§ **Recorded information**
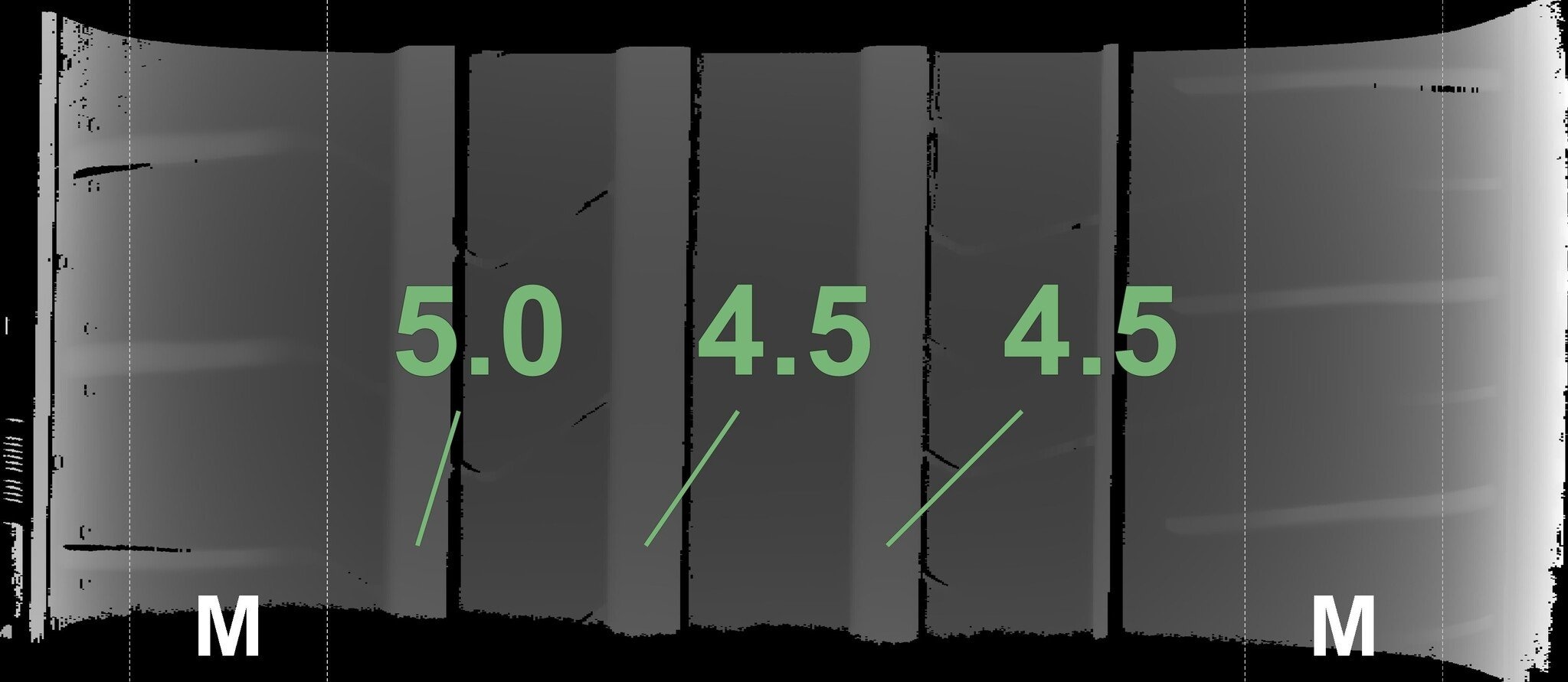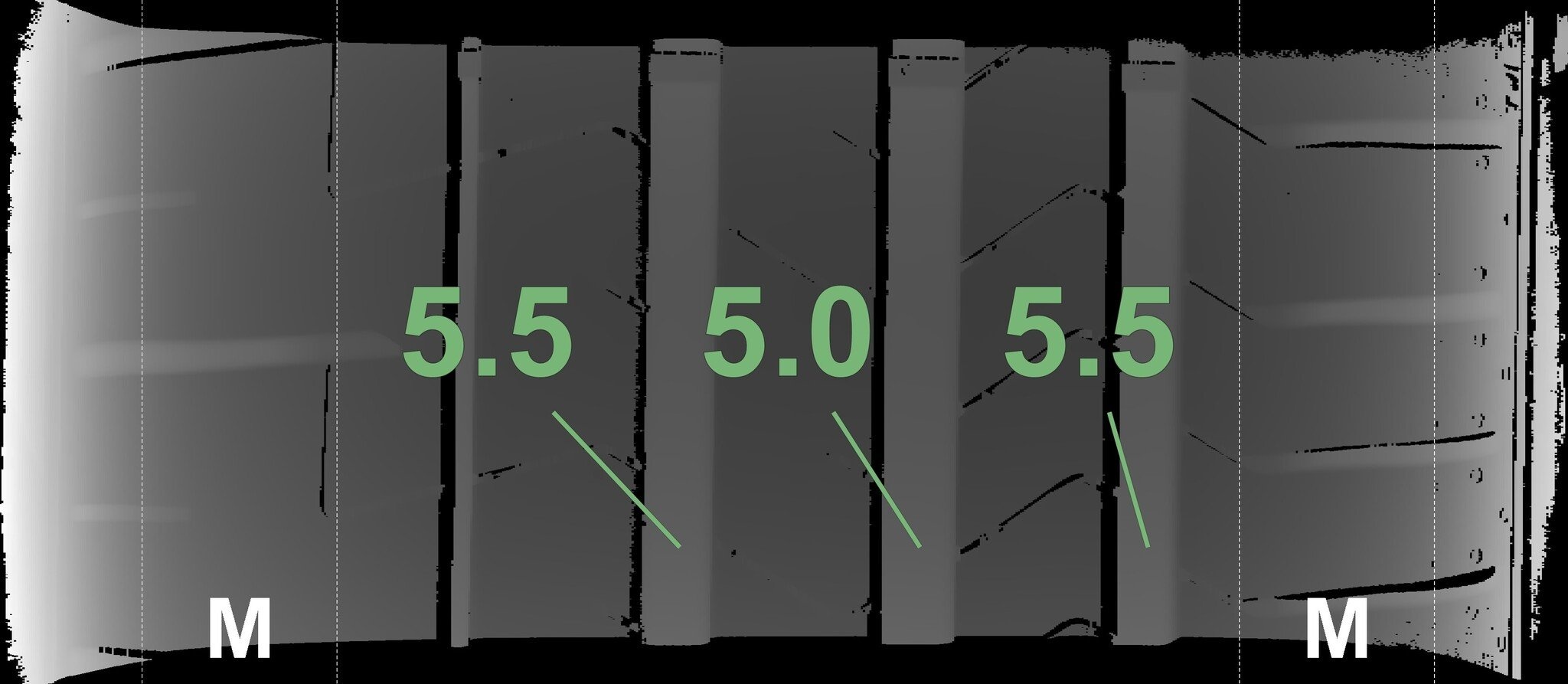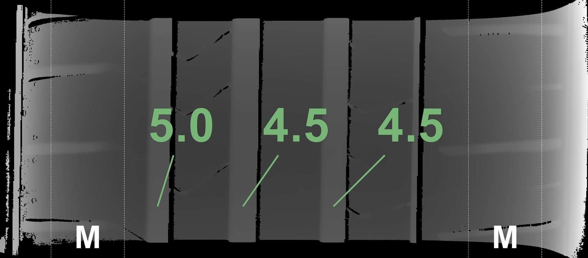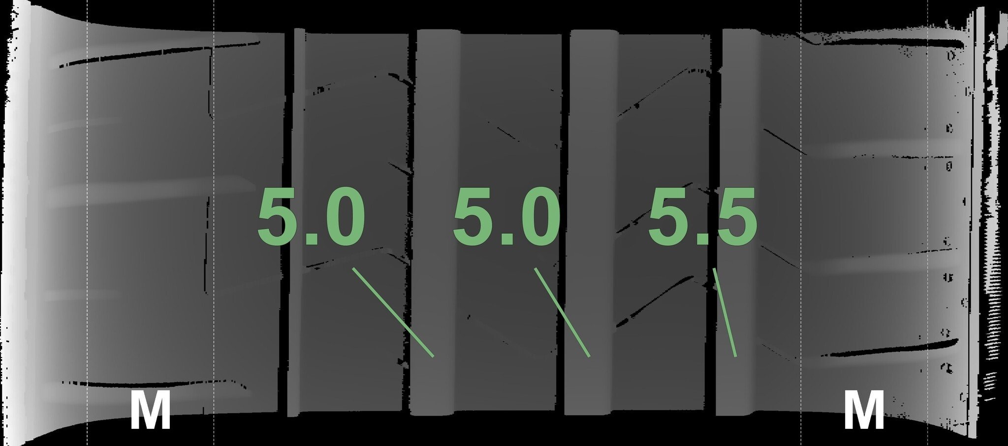 Die gemessenen Profiltiefen und die Details der Felgen sind oben angezeigt.
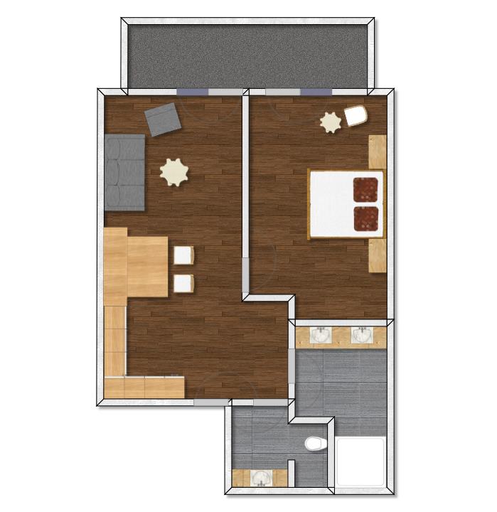 Komplett neu und modern ausgestattetes Appartement mit ca. 50 m². Es verfügt über ein Doppelzimmer und ein Badezimmer mit Dusche und größtenteils separatem WC. Wohnzimmer mit ausziehbarem Sofa und optisch abgetrennte Küche.
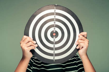 Close up of businessman hand holding dart and dartboard with dartboard on the background
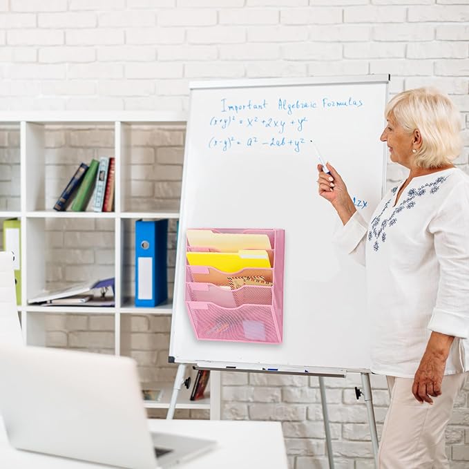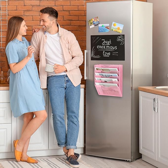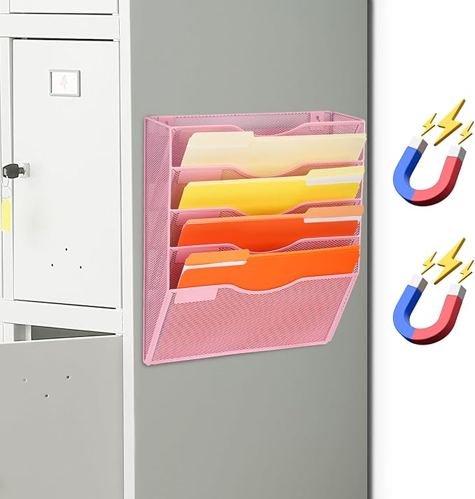 EASEPRES Magnetic 5 Pocket Mesh Hanging File Organizer, Wall Mounted Mail Paper Document Folder Holder, Clipboard Storage Organization Magazine Rack with Nametag Label for Office Home School, Pink

§ **Task description**
With the pictures removed, copy the data above word for word.

§ **Result for this exercise**
 Die gemessenen Profiltiefen und die Details der Felgen sind oben angezeigt.
 Komplett neu und modern ausgestattetes Appartement mit ca. 50 m². Es verfügt über ein Doppelzimmer und ein Badezimmer mit Dusche und größtenteils separatem WC. Wohnzimmer mit ausziehbarem Sofa und optisch abgetrennte Küche.
 Close up of businessman hand holding dart and dartboard with dartboard on the background
 EASEPRES Magnetic 5 Pocket Mesh Hanging File Organizer, Wall Mounted Mail Paper Document Folder Holder, Clipboard Storage Organization Magazine Rack with Nametag Label for Office Home School, Pink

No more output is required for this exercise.